┌─ Entries shown

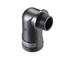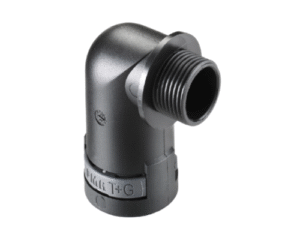 PMAFIX Conduit Connector with PG16 Male Plastic Thread, Fits NW 17 / Metric 20 Conduit, Angled Entry, Black Version, IP68
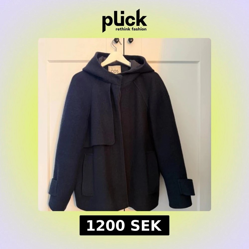 Snygg mörkblå jacka från COS i ull med huva och stora fickor framtill. Jackan är endast använd ett fåtal gånger och som ny.
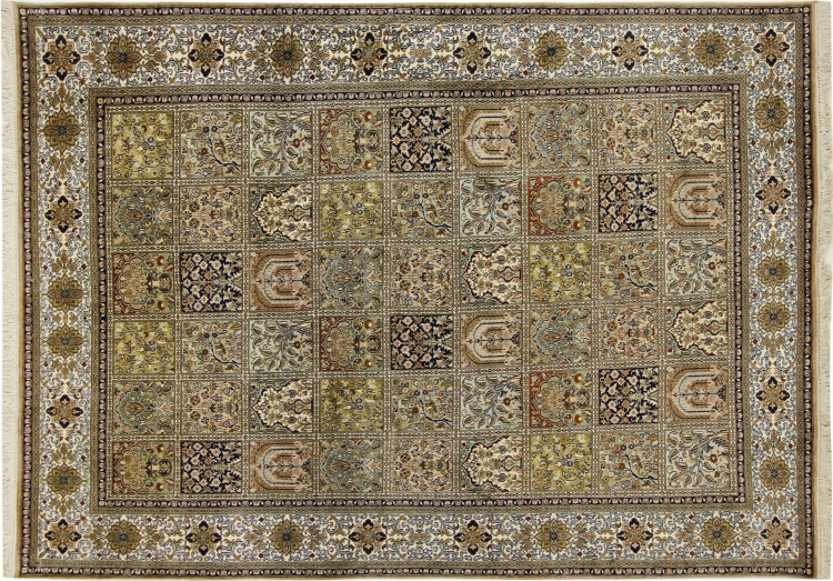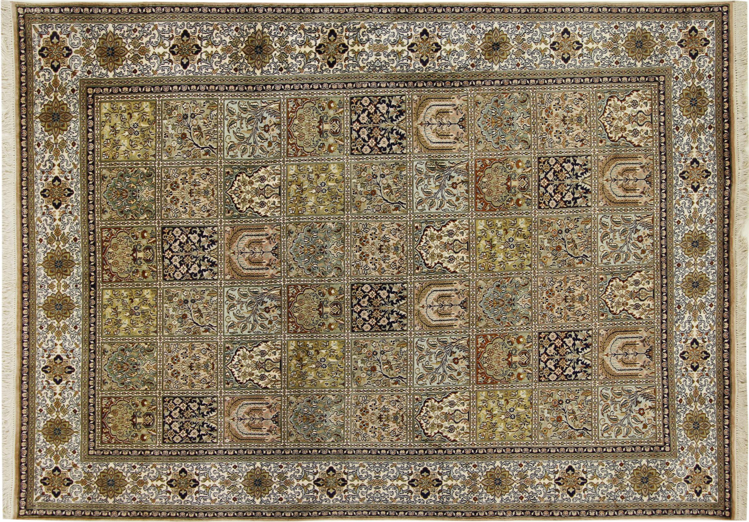 Alfombra número: 31413400302575 Tamaño: 240x174 cm Espesor: alrededor de 7 mm Nudos: 640 000 / m² Elaboración: Anudado a mano Crespón: Seda Urdimbre: Algodón Origen: India Edad: Nuevo Peso: alrededor de 13 kg Cantidad en stock: Única - Solo 1 en stock
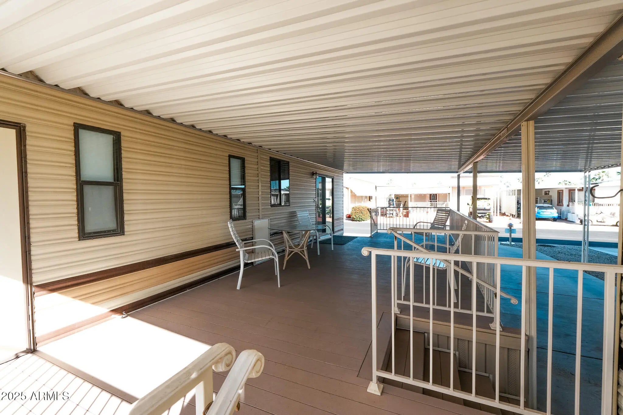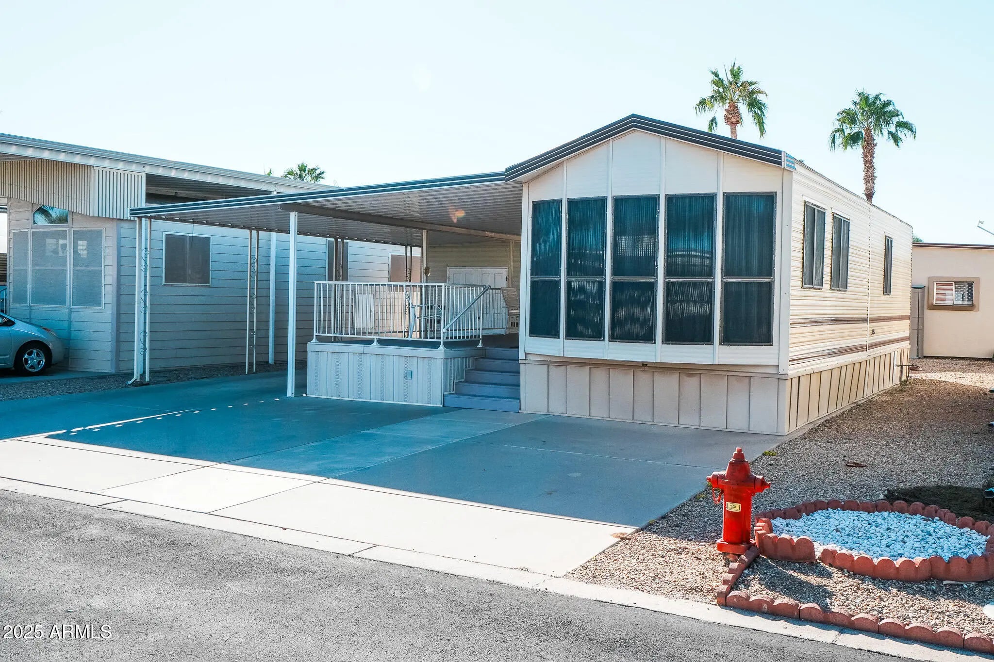 Clean, Updated Park Model Home with Covered Deck & Parking - You Own the Land! Move-in ready and well-maintained, this park model features new washer & dryer, AC/heat pump, recent elastomeric roof coating, and a large, covered deck for outdoor living. The kitchen includes a full-size refrigerator and range, plus excellent built-ins for storage throughout. Clean interior with updated countertops and a smart floor plan with less furniture and more livable space. The covered parking accommodates your vehicle or golf cart with ease. Located in Happy Trails Resort, a gated 55+ community with low HOA fees that include water, sewer, trash and use of all resort amenities like multiple pools and spas, pickleball, tennis, dog park, library, post office, billiards, fitness center and more!
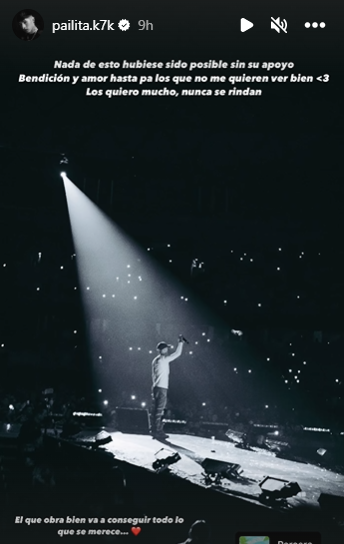 En la última story compartida, volvió a agradecer por el apoyo recibido por sus seguidores. “Nada de esto hubiera sido posible sin su amor. Bendición y amor hasta para los que no me quieren ver bien. Los quiero mucho, nunca se rindan”.
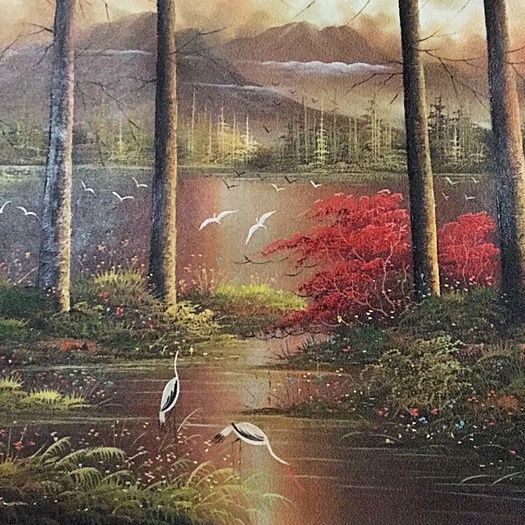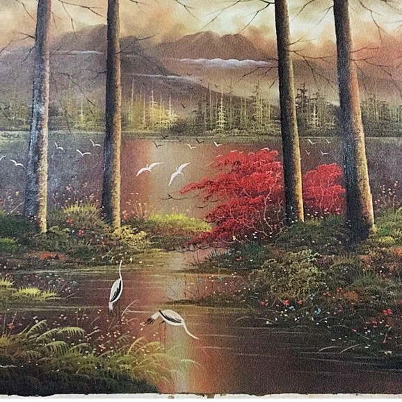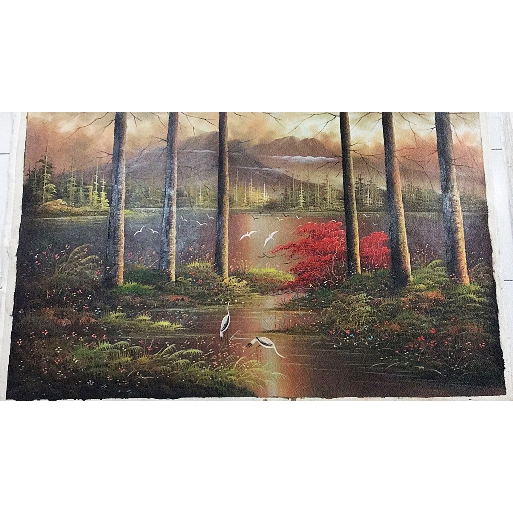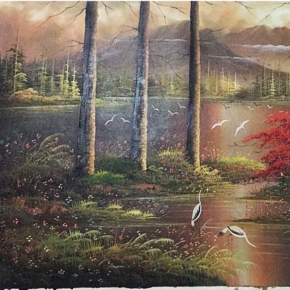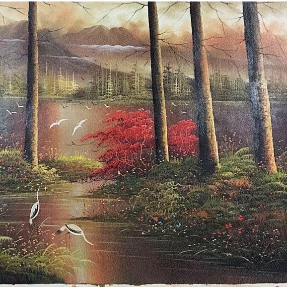Lukisan Pemandangan Alam Dengan Pepohonan, Danau, dan Nuansa Pegunungan Yang Langka
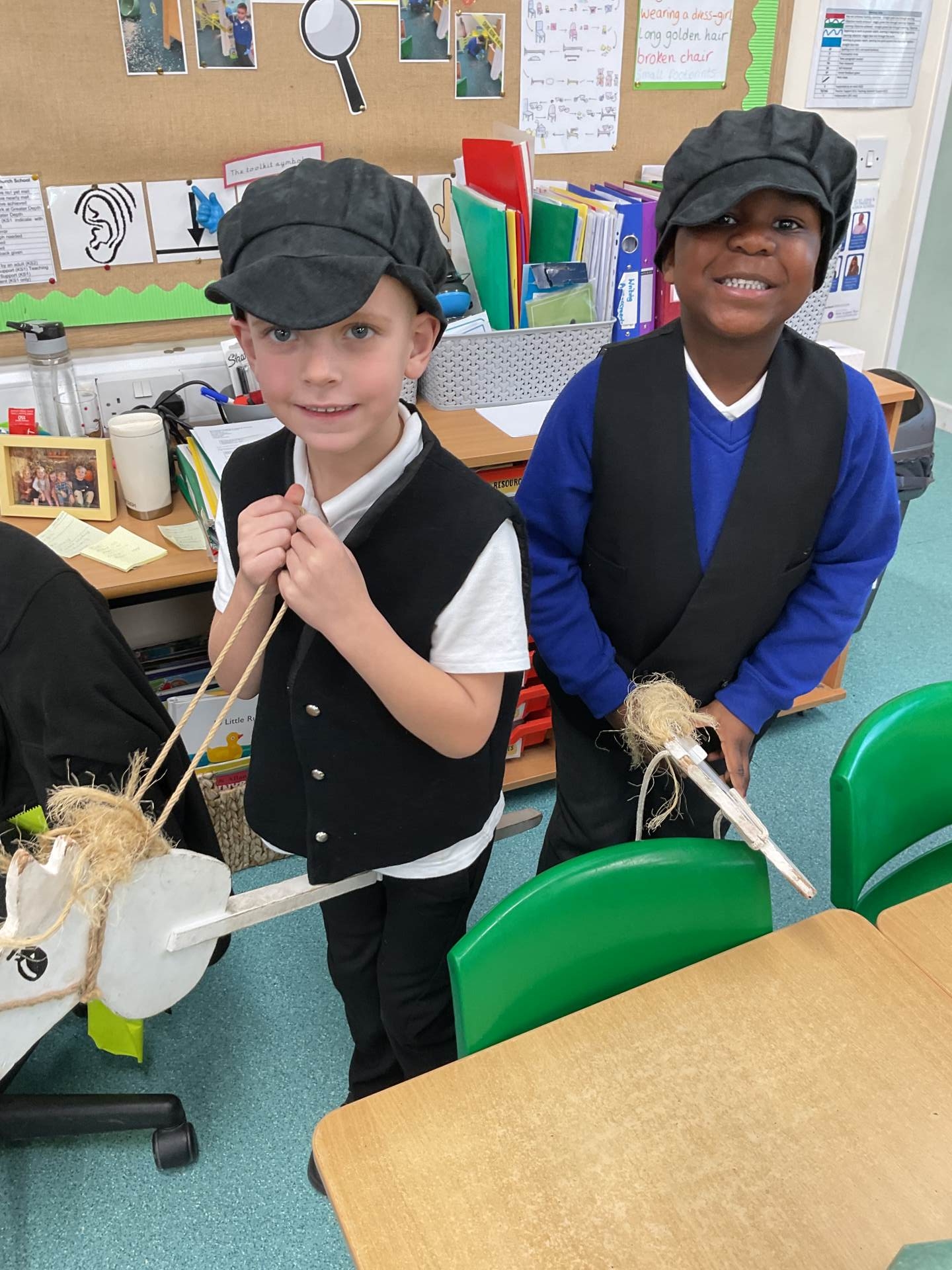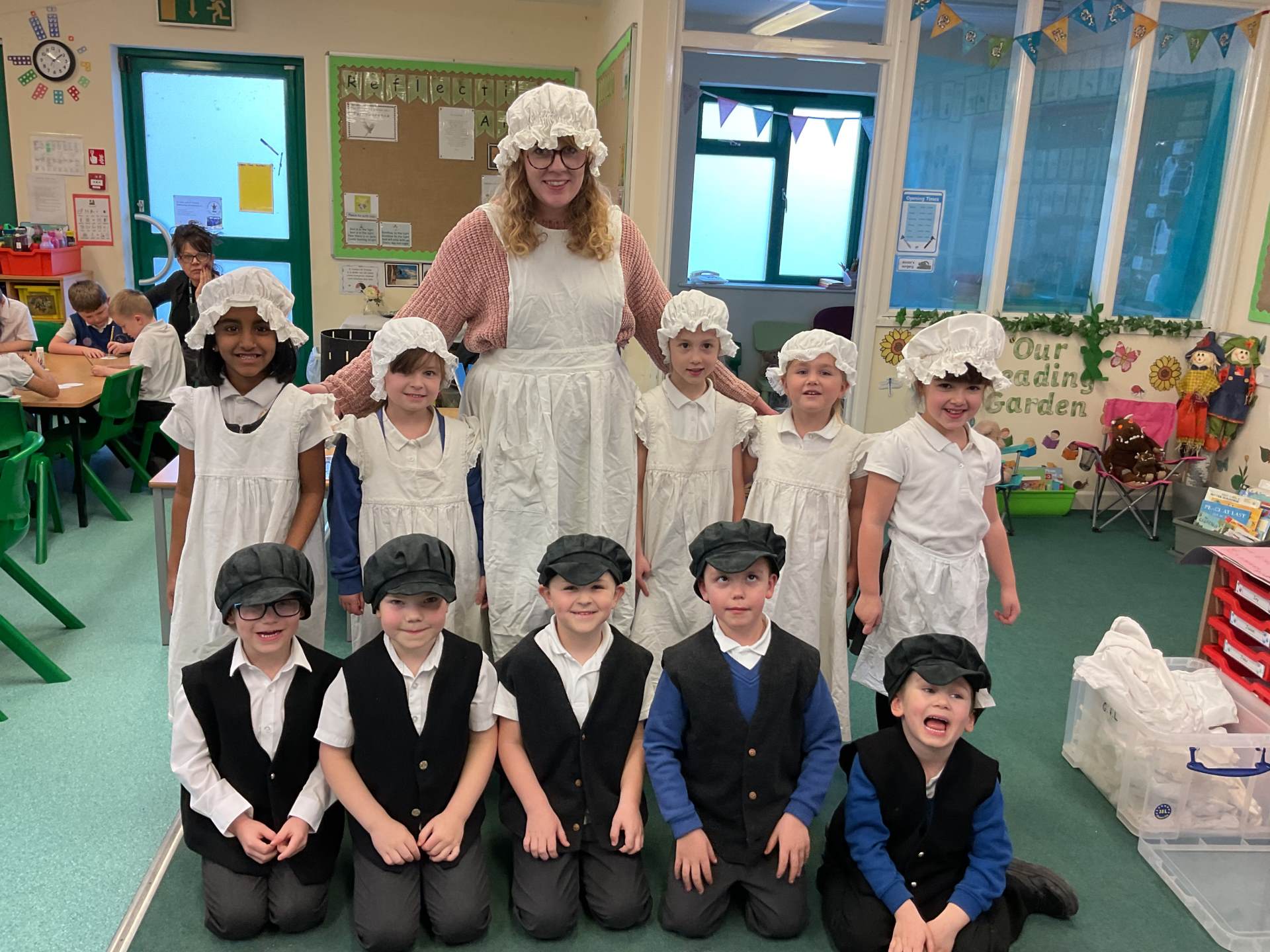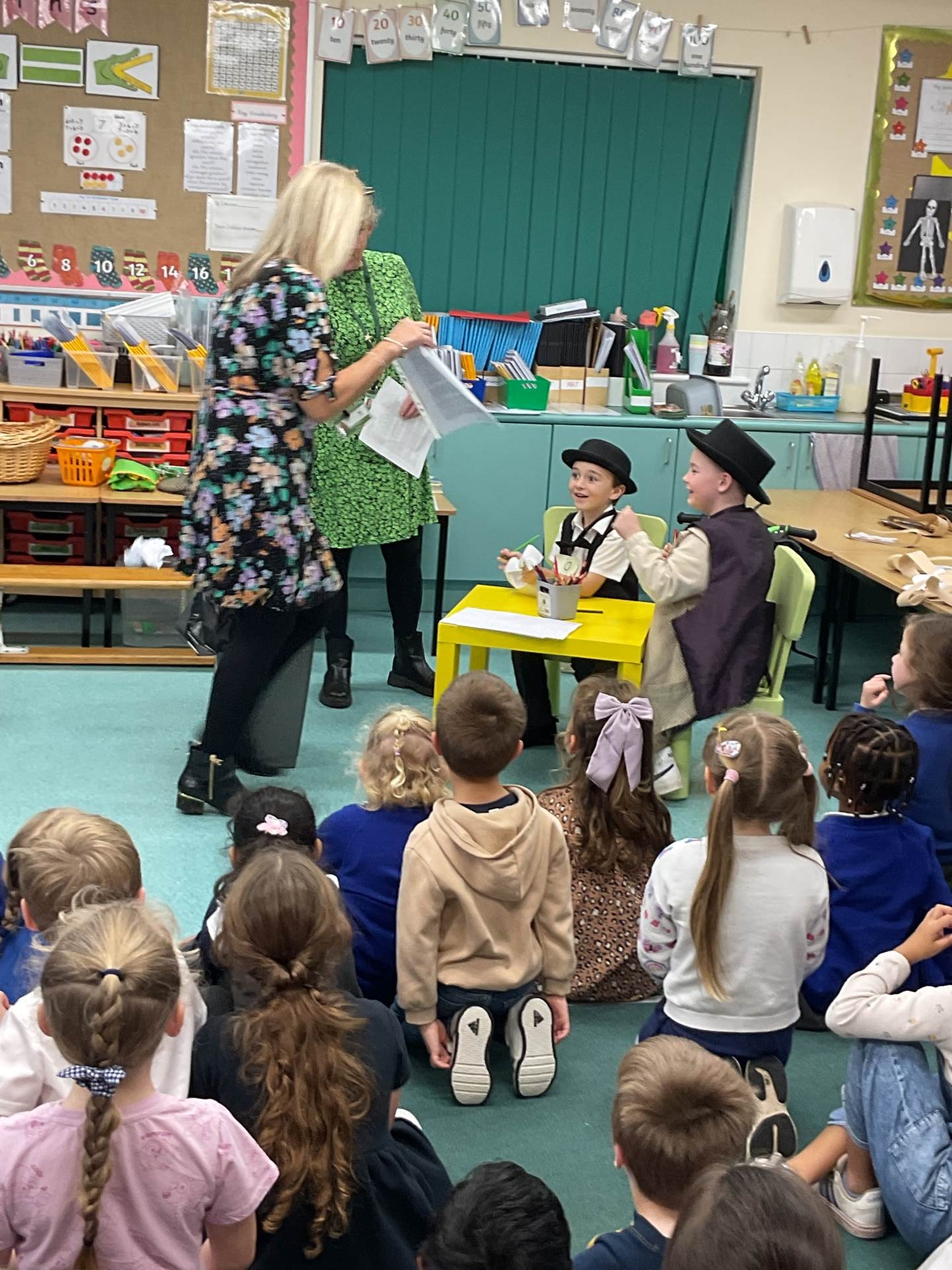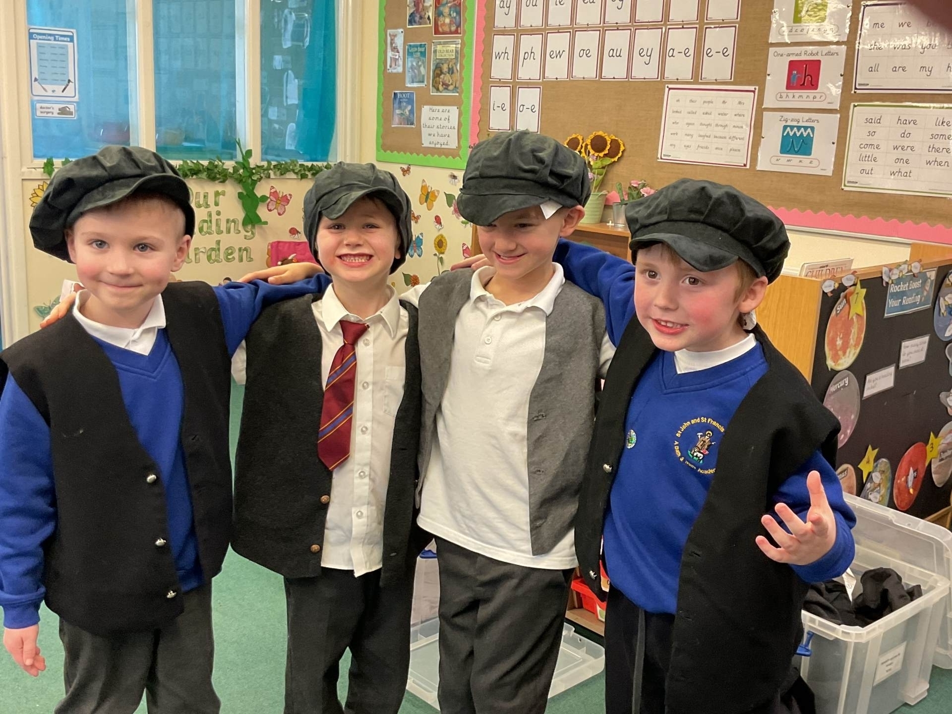 Today we began our new unit of work on First Flight by acting out the life story of the Wright brothers. We dressed up and took on the roles of the different characters. We learnt about how and where the Wright brothers grew up. The jobs that they had and how they persevered and never gave up on something that they believed they had the ability to achieve. That was to build and fly the first powered aircraft.

└─

Your instructions
Only the lines above from the one containing "En la última" through the one containing "Lukisan Pemandangan Alam" should be returned, verbatim and inclusive, with pictures excluded.

Your solution
 En la última story compartida, volvió a agradecer por el apoyo recibido por sus seguidores. “Nada de esto hubiera sido posible sin su amor. Bendición y amor hasta para los que no me quieren ver bien. Los quiero mucho, nunca se rindan”.
Lukisan Pemandangan Alam Dengan Pepohonan, Danau, dan Nuansa Pegunungan Yang Langka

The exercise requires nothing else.